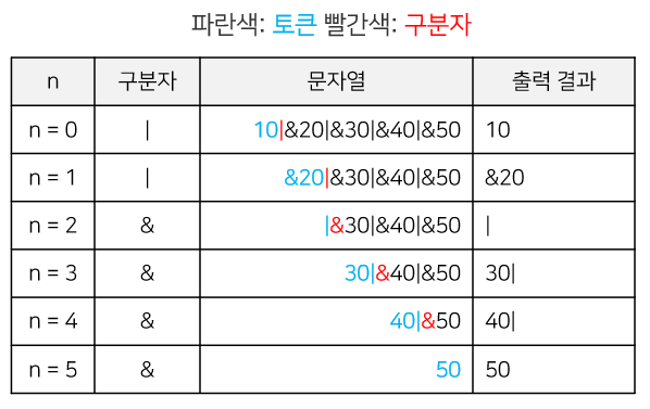 아래 코드는 문자열 "10|&20|&30|&40|&50"에 대해 구분자를 "|"에서 "&"로 바꾼 결과를 출력한다.
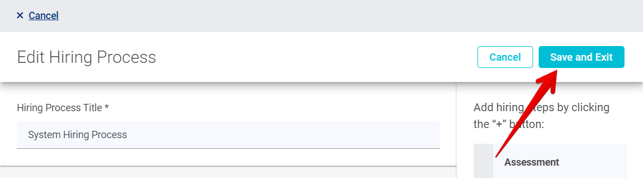 8. Click the Save and Exit button in the top right corner of the page to update your hiring process.
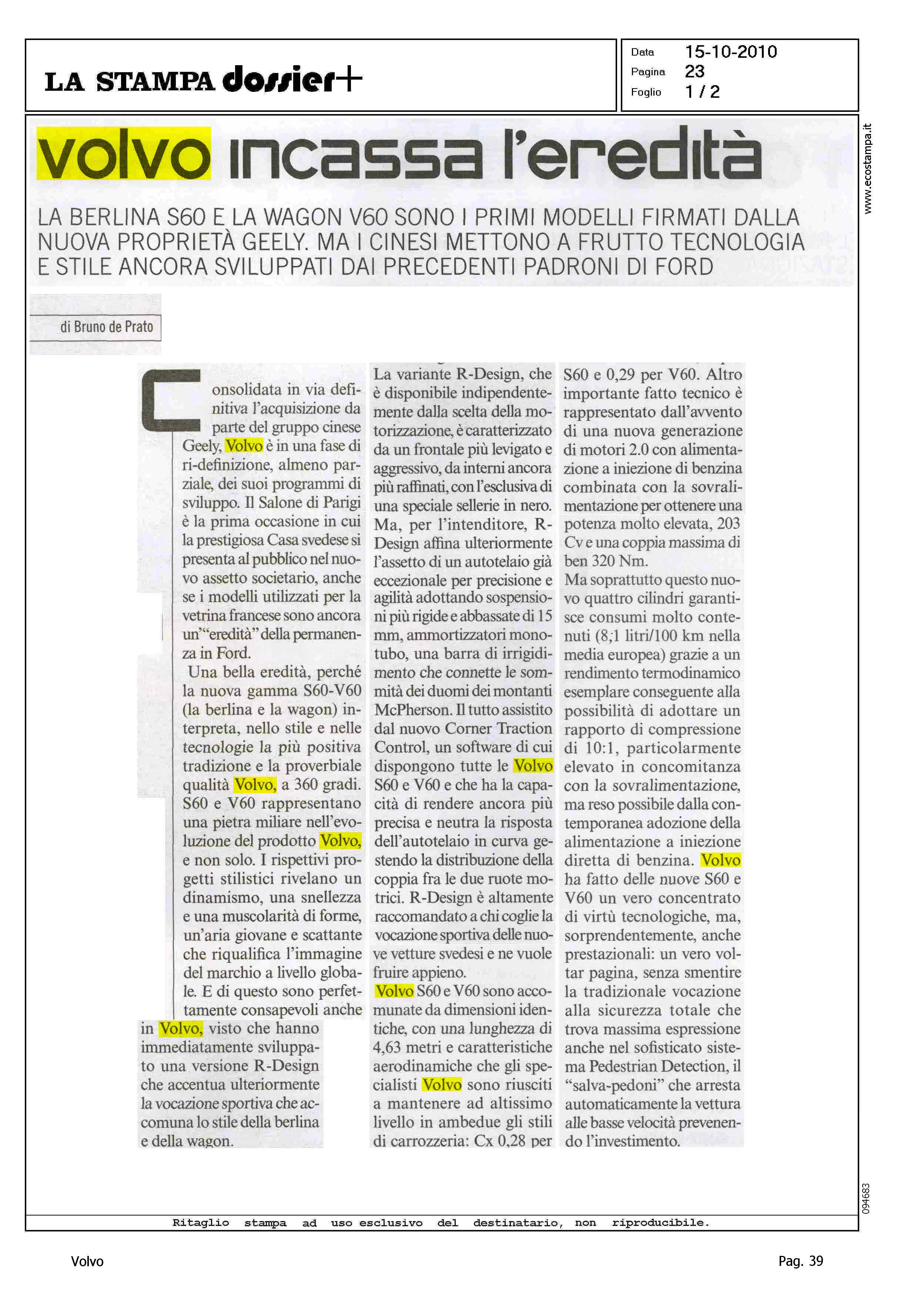 Title: VOLVO INCASSA L'EREDITA'

ABOUT THIS EXERCISE: In transcribing the lines above, omit the images and keep all else exact.

TASK SOLUTION:
 아래 코드는 문자열 "10|&20|&30|&40|&50"에 대해 구분자를 "|"에서 "&"로 바꾼 결과를 출력한다.
 8. Click the Save and Exit button in the top right corner of the page to update your hiring process.
 Title: VOLVO INCASSA L'EREDITA'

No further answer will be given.